Keras in less than 1 minute

Sep 20, 2019

Hmm. Neural Network you say?

In this tutorial I will introduce Keras in a bite sized chunks so that you can quickly get your boots off the ground and start prototyping with Keras.

What is Keras?

Keras has been designed as a high level library to build Deep Neural Networks. Although many compare it to Tensorflow, Caffe and etc, Keras uses either Tensorflow, CNTK or Theano in the backend to build the Neural Networks described by you.

The idea is as such. You purely describe your Neural Network in terms of your layer arrangement and how the layers connect, and the rest of it (neuron formation, BackPropogation, Training, everything).

How to use keras?

Keras has two styles/ways of programming to build a neural network, the sequential model and the Functional API model. We will cover the Sequential Model

The idea is as such, define a linear stack of layers and how they interconnect. Then compile and train it. The rest is taken care of by the framework.
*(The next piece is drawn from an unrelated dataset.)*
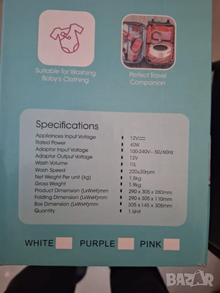 Тази портативна пералня работи със захранващ адаптер включен в комплекта.

Using Constructor or Shape Specifying

You can define the whole model in the contructor itself,

from keras.models import Sequential
from keras.layers import Dense, Activation

model = Sequential([
    Dense(32, input_shape=(784,)),
    Activation('relu'),
    Dense(10),
    Activation('softmax'),
])

or build the model by specifying each shape,

model = Sequential()
model.add(Dense(32, input_dim=784))
model.add(Activation('relu'))

Compilation

Now the model needs to be compiled and more information needs to be specified,

  • Optimizer to be used: This can be a string identifier of the optimizer, like rmsprop, or adagrad.
  • Loss Function to be used: The loss fuction string indentifier, like ‘binary_crossentropy’, or mse.
  • Metrics List to be returned: For classification you would specify metrics=["accuracy"]
For a simple binary classification this would appear like:
model.compile(optimizer='rmsprop',
              loss='binary_crossentropy',
              metrics=['accuracy'])

Training

Use the fit function to train the model.

# Train the model, iterating on the data in batches of 32 samples
model.fit(data, labels, epochs=10, batch_size=32)

And that’s it! You have learned Keras! There are a few abstractions such as the Functional API which I have left out for simplicities sake, but you can now go forth and use Keras!